From the entries below, print exactly the span beginning with the line holding "Nesse segundo turno" and ending with the line holding "Amazon Transfronterizo Más", endpoints included, and skip any pictures.

─── SUPPLIED RECORDS ───

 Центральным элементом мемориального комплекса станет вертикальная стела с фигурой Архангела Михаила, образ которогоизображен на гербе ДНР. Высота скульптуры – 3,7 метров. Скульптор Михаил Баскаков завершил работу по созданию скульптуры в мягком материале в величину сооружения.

───
─── SUPPLIED RECORDS ───

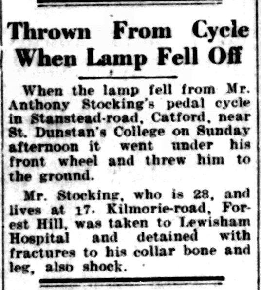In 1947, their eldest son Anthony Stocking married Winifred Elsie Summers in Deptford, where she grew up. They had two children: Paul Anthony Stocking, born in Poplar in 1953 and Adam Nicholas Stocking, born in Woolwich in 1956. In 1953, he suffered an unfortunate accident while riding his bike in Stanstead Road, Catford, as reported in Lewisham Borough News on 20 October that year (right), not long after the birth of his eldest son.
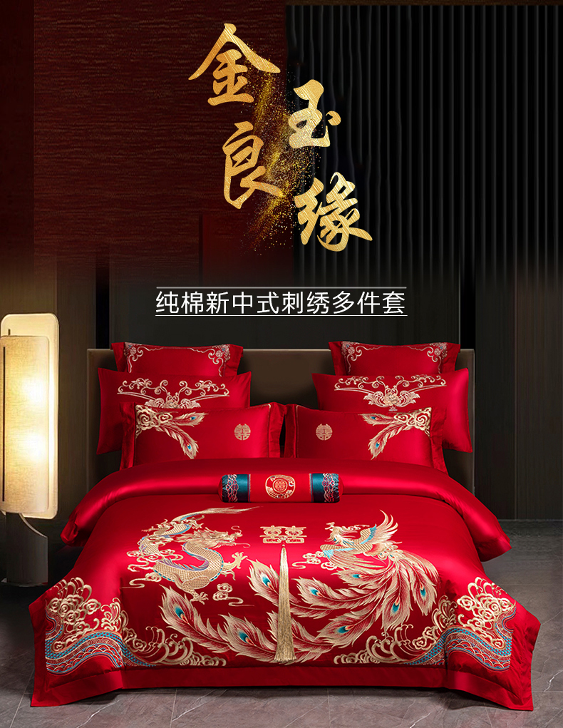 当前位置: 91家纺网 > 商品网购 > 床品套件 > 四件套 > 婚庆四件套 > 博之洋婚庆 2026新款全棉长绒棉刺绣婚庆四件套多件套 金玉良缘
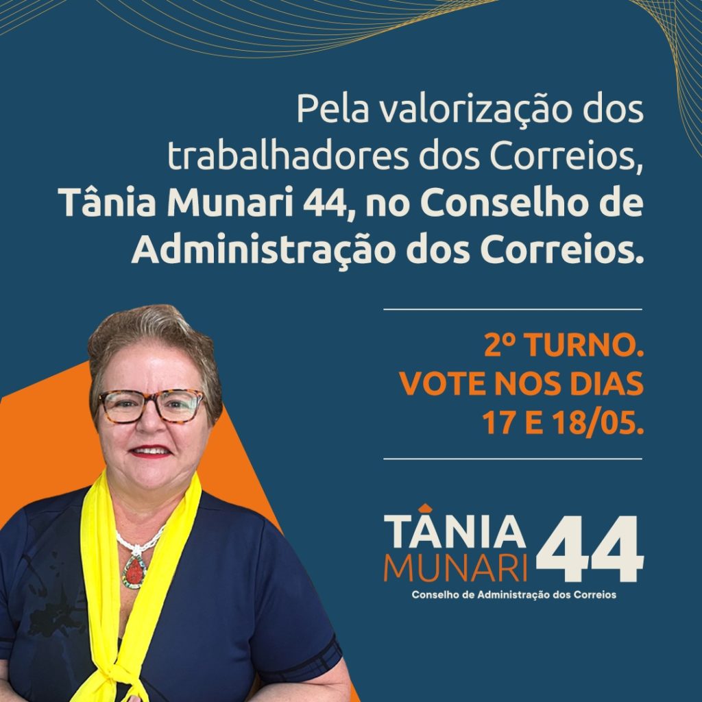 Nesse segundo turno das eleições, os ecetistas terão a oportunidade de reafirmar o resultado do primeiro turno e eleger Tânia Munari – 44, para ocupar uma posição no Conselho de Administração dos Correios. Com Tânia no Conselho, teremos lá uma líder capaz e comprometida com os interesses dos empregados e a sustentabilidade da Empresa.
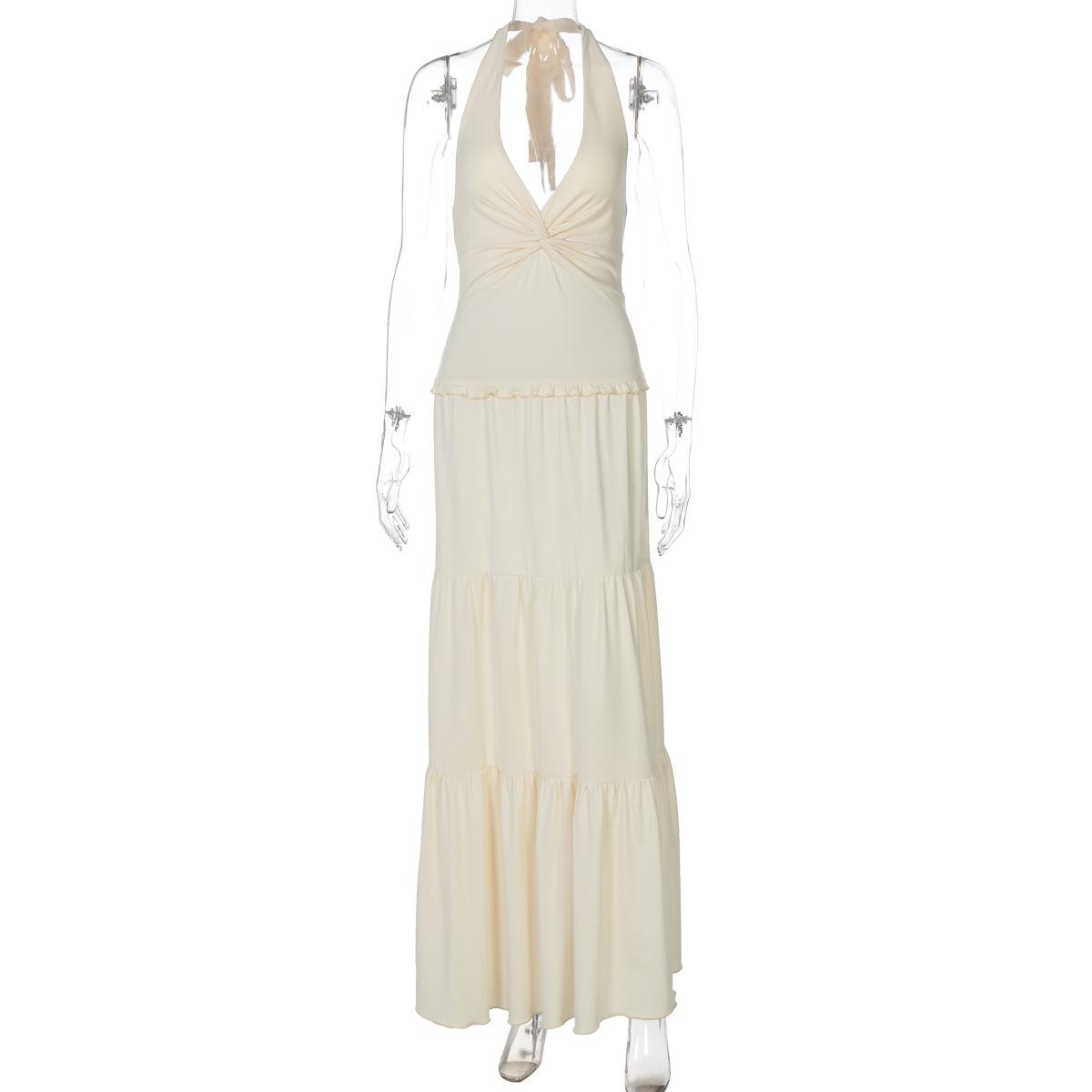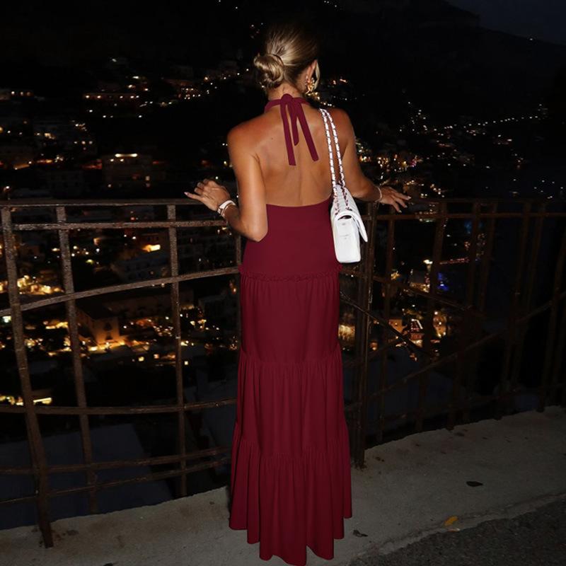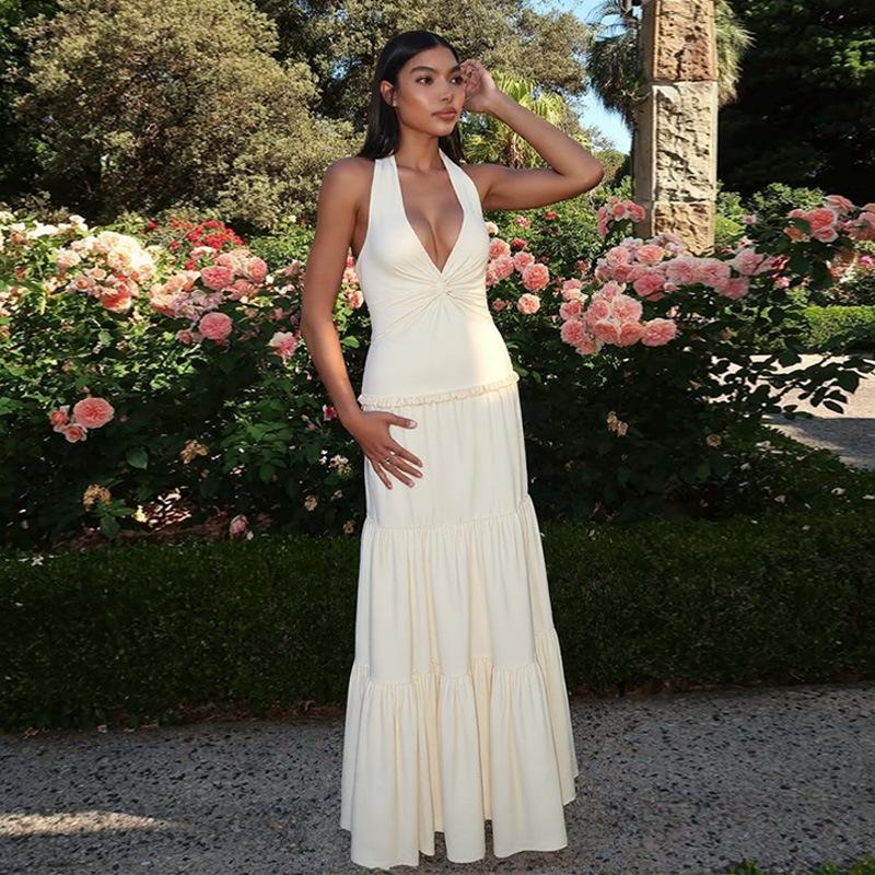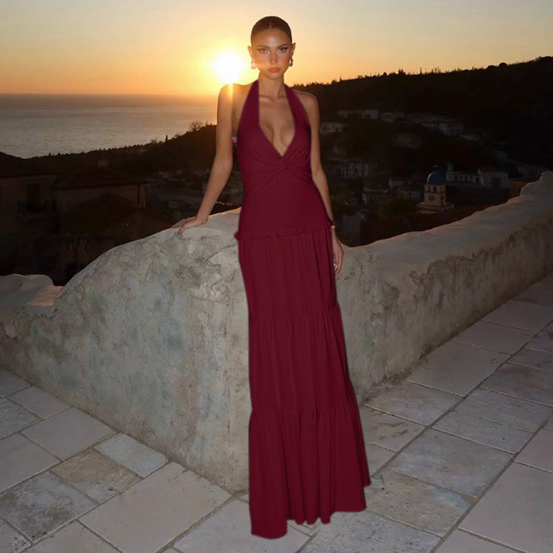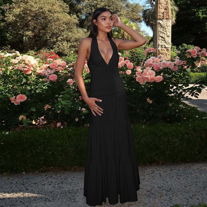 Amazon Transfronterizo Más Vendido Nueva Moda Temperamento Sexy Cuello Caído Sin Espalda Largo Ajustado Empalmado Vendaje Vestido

───

SOLUTION TO THIS PROBLEM:
 Nesse segundo turno das eleições, os ecetistas terão a oportunidade de reafirmar o resultado do primeiro turno e eleger Tânia Munari – 44, para ocupar uma posição no Conselho de Administração dos Correios. Com Tânia no Conselho, teremos lá uma líder capaz e comprometida com os interesses dos empregados e a sustentabilidade da Empresa.
 Amazon Transfronterizo Más Vendido Nueva Moda Temperamento Sexy Cuello Caído Sin Espalda Largo Ajustado Empalmado Vendaje Vestido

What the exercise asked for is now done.